[Task material — start]

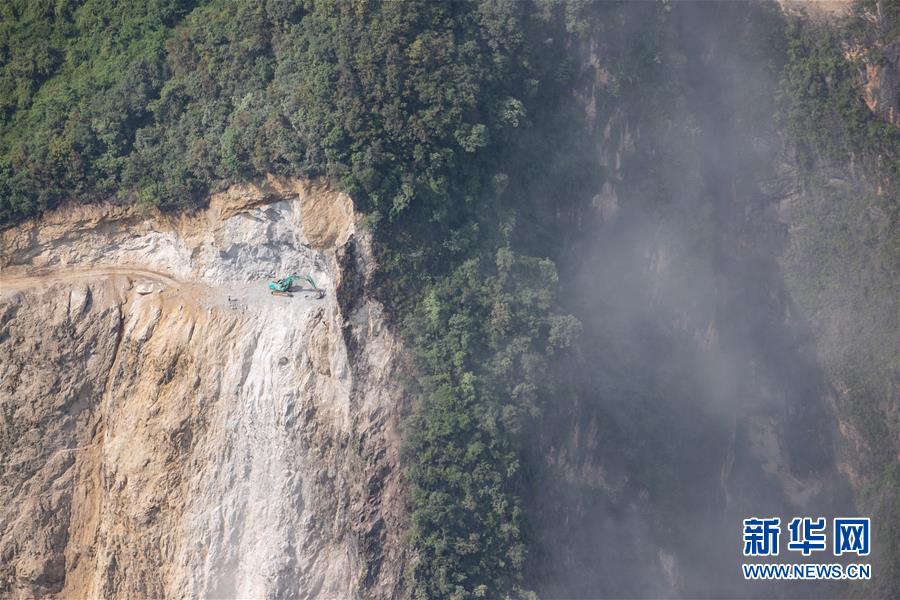一輛挖掘機在阿布洛哈村懸崖修建通村公路(2019年7月18日攝)。新華社記者江宏景攝
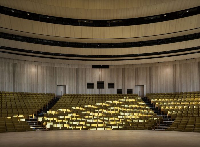 An auditorium at a university, or aula to use the word of the classical languages, goes beyond the task of a lecture hall. Its ceremonial roots in the church and the architectonic heredity in the theatre, makes the aula today’s secular society’s most solemn and ritual space. It is not only a tribute to science and education, but also a site for strong collective experiences.
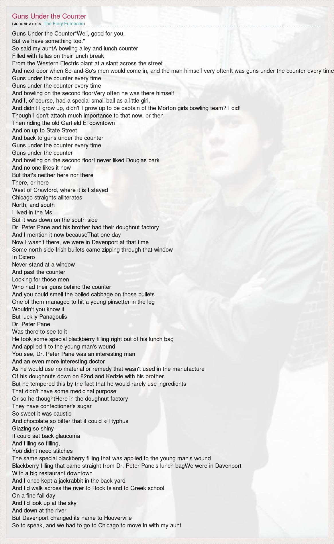 А как ты думаешь, о чем песня "Guns Under the Counter" ?
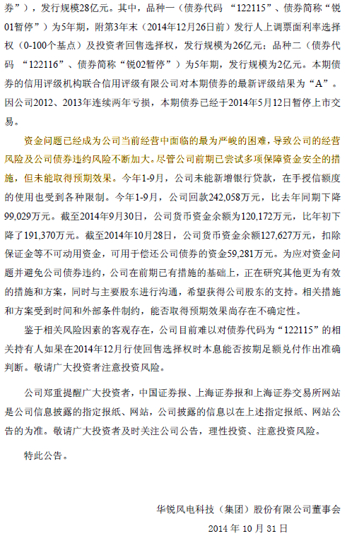 联合评级公司在评级报告中明确指出华锐风电存在“货币资金紧张、生产经营不稳定和债券到期偿付压力大等方面的诸多不利因素”。
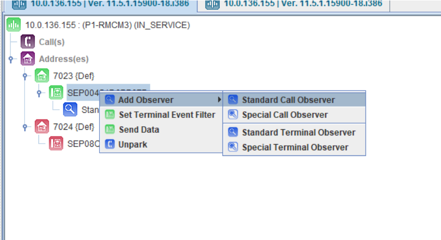 Step 6. Add call observer on the supervisor extension and initiate a call from a customer to the agent.
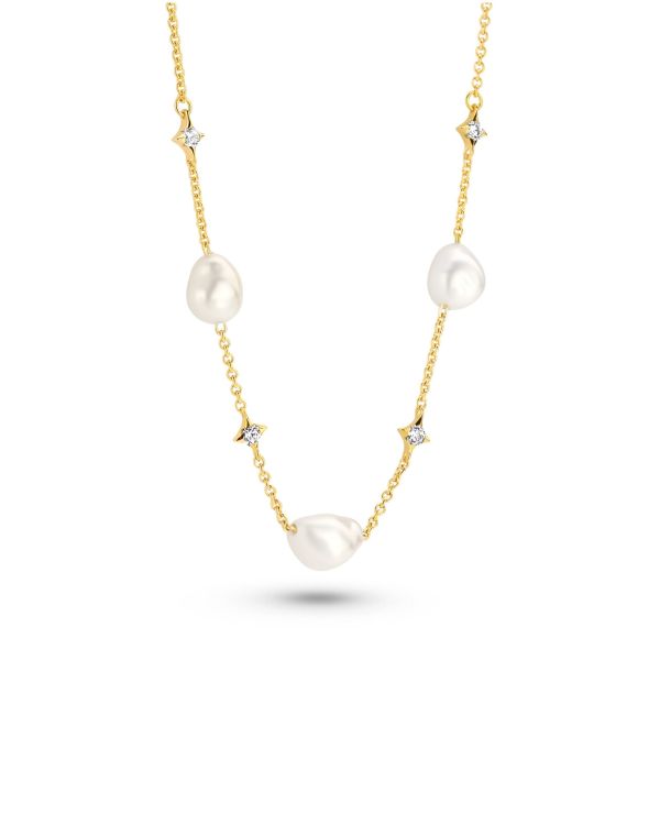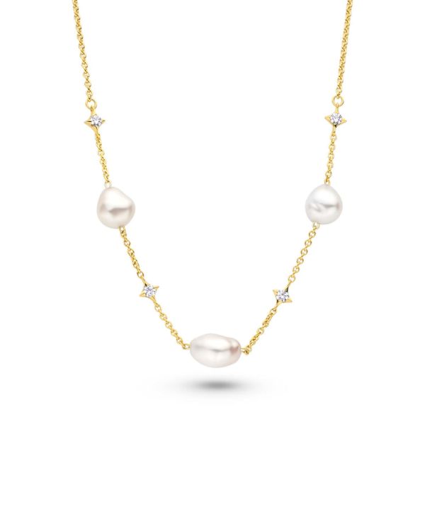 Onze Bella Pearl ketting combineert de schoonheid van duurzame zoetwaterparels in barokstijl met verantwoord sterling zilver 925. De schoonheid van de parels in combinatie met briljante zirkonia geeft de ketting een buitengewone en onafhankelijke ontwerptaal. De natuurlijke elegantie van deze creatie maakt het een tijdloos accessoire dat bij elke gelegenheid kan worden gedragen. Elk detail is met de grootste zorg en liefde vervaardigd om een ketting van uiterst fijne kwaliteit te creëren.
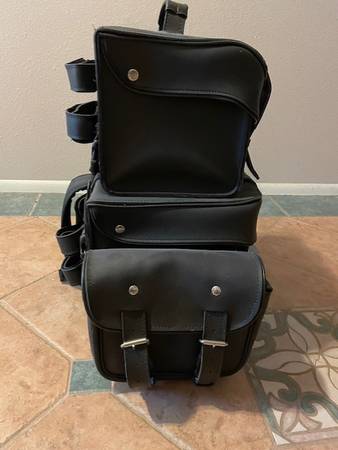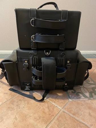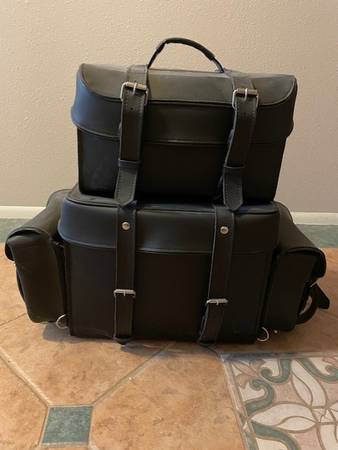 Motorcycle Luggage. All leather. Lightly used in near new/perfect condition. Chrome plated brass buckles. Zip off pouches. Gun pocket. Rain cover. Rain cover. Water resistant. Quick release. Heavy thread. Size/dimensions: Main Bag 16x13x12; Side Bags 10x9x4; Top Bag 14x9x9

[Task material — finish]

* About this exercise *
Write out the records word for word. Pictures stay out.

* Result of the exercise *
一輛挖掘機在阿布洛哈村懸崖修建通村公路(2019年7月18日攝)。新華社記者江宏景攝
 An auditorium at a university, or aula to use the word of the classical languages, goes beyond the task of a lecture hall. Its ceremonial roots in the church and the architectonic heredity in the theatre, makes the aula today’s secular society’s most solemn and ritual space. It is not only a tribute to science and education, but also a site for strong collective experiences.
 А как ты думаешь, о чем песня "Guns Under the Counter" ?
 联合评级公司在评级报告中明确指出华锐风电存在“货币资金紧张、生产经营不稳定和债券到期偿付压力大等方面的诸多不利因素”。
 Step 6. Add call observer on the supervisor extension and initiate a call from a customer to the agent.
 Onze Bella Pearl ketting combineert de schoonheid van duurzame zoetwaterparels in barokstijl met verantwoord sterling zilver 925. De schoonheid van de parels in combinatie met briljante zirkonia geeft de ketting een buitengewone en onafhankelijke ontwerptaal. De natuurlijke elegantie van deze creatie maakt het een tijdloos accessoire dat bij elke gelegenheid kan worden gedragen. Elk detail is met de grootste zorg en liefde vervaardigd om een ketting van uiterst fijne kwaliteit te creëren.
 Motorcycle Luggage. All leather. Lightly used in near new/perfect condition. Chrome plated brass buckles. Zip off pouches. Gun pocket. Rain cover. Rain cover. Water resistant. Quick release. Heavy thread. Size/dimensions: Main Bag 16x13x12; Side Bags 10x9x4; Top Bag 14x9x9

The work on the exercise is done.